Wearable strain sensing skin with visual and stable structural color and electrical response for real-time monitoring

Abstract

Special animals in nature with structurally colored skin have the ability to alter their skin color in response to external stimuli through the processing of bioelectrical impulses. This natural adaptation serves as a sensory mechanism, achieved through an integrated and stretchable network that relays information. Herein, inspired by this remarkable phenomenon, the wearable strain sensing photonic-electric skin (PE-skin) was designed based on reduced graphene oxide(rGO)/polydimethylsiloxane (PDMS) black substrate adhered on SiO₂ photonic crystals/poly(ethylene glycol) phenyl ether acrylate (PEGPEA) films. The PE-skin contains a non-volatile and non-hygroscopic ionic liquid (IL), which enhances the sensitivity of the skin to electric stimuli. By optimizing the IL content, a dual response of the optical and electrical signal to stress is achieved. Under the optical, mechanical, and electrical properties investigations, the PE-skin treated with 2 s IL performs high stretch and sensitivity.
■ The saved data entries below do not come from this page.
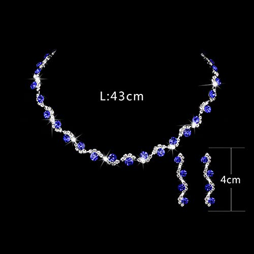 Wedity Wedding Collana di Cristallo Orecchini Set Sposa Girocollo Collane Gioielli da Sposa per Donne e Ragazze (Blu)
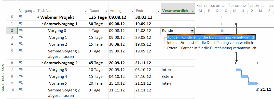 Das Ziel: Vorgänge in Ihrem Projekt werden von drei unterschiedlichen Verantwortlichen durchgeführt – „intern“, „extern“, „Kunde“. Für Ihre Meetings wünschen Sie sich, die Unterschiede visuell schnell erkennen zu können. Ihr Ziel ist, eine grafisch differenzierte Darstellung mit der Spalte „Verantwortlich“ zu erhalten (sihe folgendes Bild).
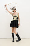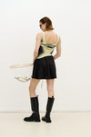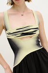 The fish motif is abstracted into sculptural, crocheted impressions that wrap across the chest in textured, organic shapes, blending the fluidity of nature with the structure of the body. Water, a central theme, is explored through texture and print. A pattern inspired by light reflections on rippling water evokes both movement and serenity, capturing nature’s energy in fabric.
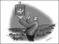 下图描绘的是现在人类面临的窘境。请你根据对下面这幅漫画的理解用英语写一篇短文,描述这种现象,说明其产生的原因及后果,并发表你的看法。
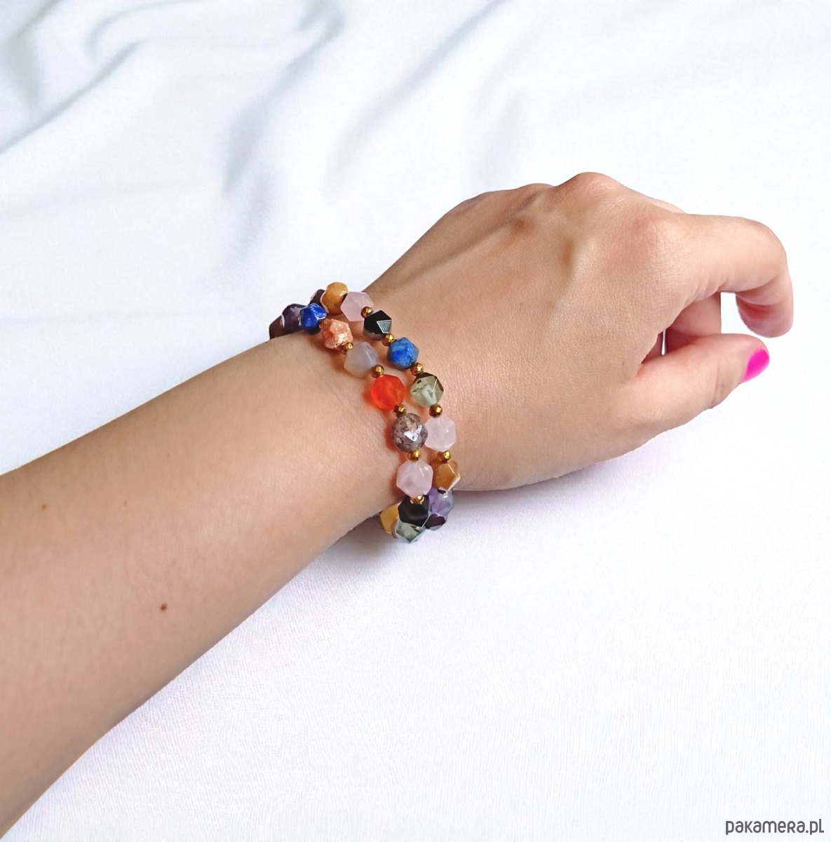 - Rodzaj kamienia: agat, amazonit, ametyst, jaspis, karneol, kwarc różowy, lapis lazuli, onyks
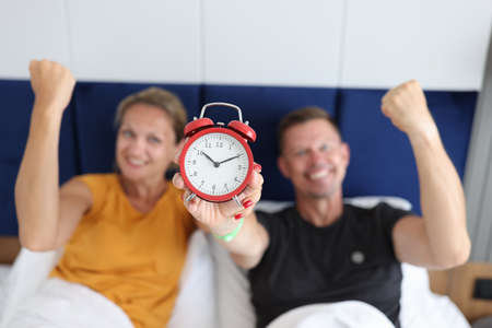 Closeup alarm clock having a good day with background happy woman stretching in bed after waking up, sunlight in morning.
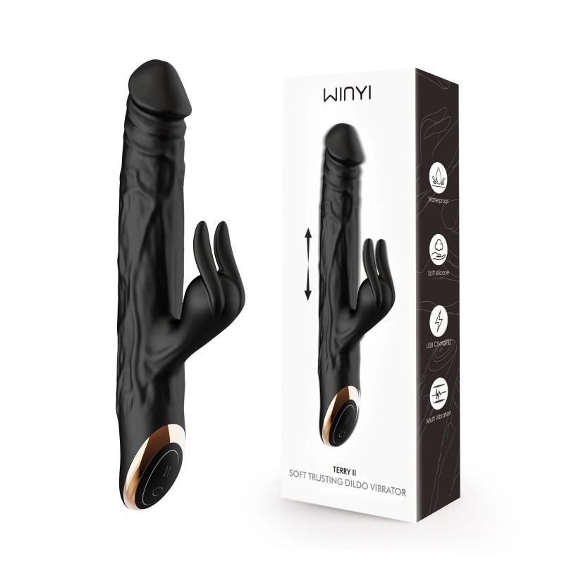 Вибратор реалистичный вагинальный и с отростком для клитора черного цвета Winyi WY0646 Terry
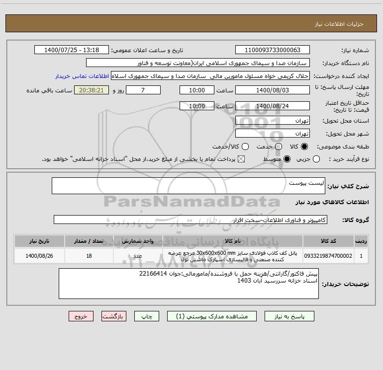 نام دستگاه خریدار: سازمان صدا و سیمای جمهوری اسلامی ایران(معاونت توسعه و فناور
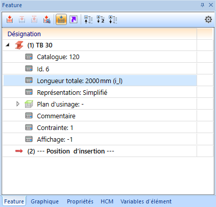 - Déployez l'arborescence dans l'ICN à l'onglet Feature l'entrée de Feature TB 30 et double-cliquez sur l'entrée Longueur totale. Indiquez comme nouvelle valeur
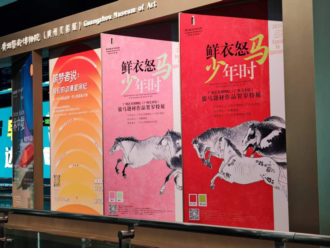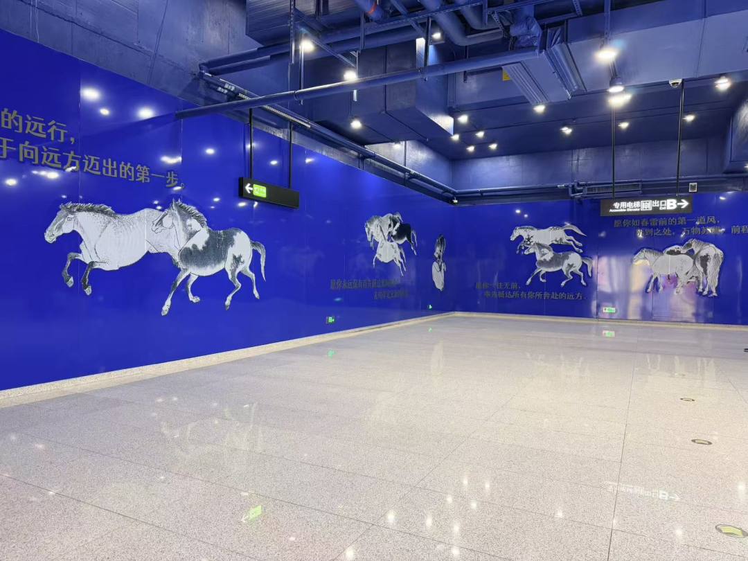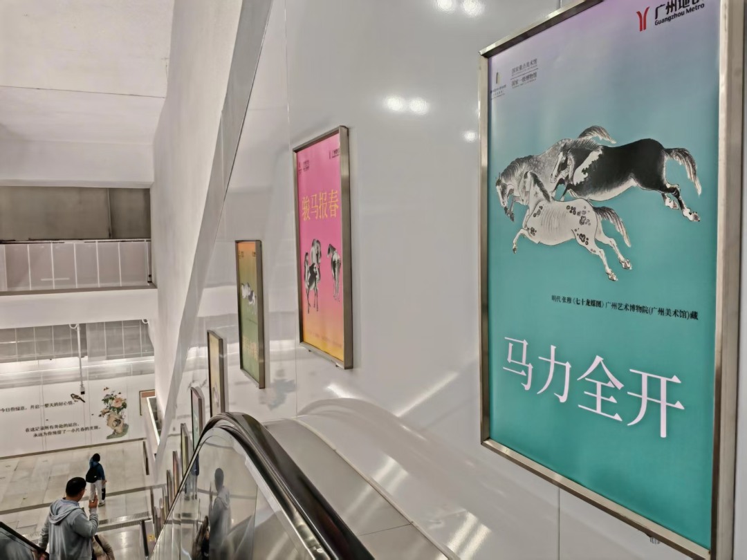 恰逢马年新春,艺栈更深度联动广州艺术博物院正在展出的“鲜衣怒马少年时——骏马题材作品贺岁特展”,将《七十龙媒图》中的骏马元素进一步延伸,装点站厅空间。“愿你如原野清风,一往无前,率先抵达所有你所奔赴的远方”等暖心贺岁文案,与骏马意象交相辉映,既传递着新春的美好期许,也彰显着“少年意气、奋勇争先”的时代精神,营造出浓浓的马年贺岁氛围,诚邀市民游客乘地铁、赏名画、迎新春,赴艺博院过大年。赤岗塔地铁艺栈,立足在地文化,融合文博资源,使地铁站成为集宣传、展示、美育于一体的温暖“城市客厅”,让正能量在市民游客行走中悄然浸润、触手可及。

Specifically, it can output distinct mechanochromic sensitivity (Δλ/Δε) of approximately 2.4 nm%⁻¹ and a gauge factor (GF) of around 1, with a color difference of roughly 160 nm, which shows advanced visual interaction sensing capability. Finally, a novel device was developed to detect a small current based on STM32 chip. To effectively integrate the PE-skin color change with the electrical signal, a current oscilloscope was specifically designed to visualize the current variation in a waveform representation. It is well suited to continuously outputting intuitive color-switching signals and discernible resistance signal changes under tensile strain. Additionally, it effectively monitors joint movements to provide intuitive and accurate feedback signals.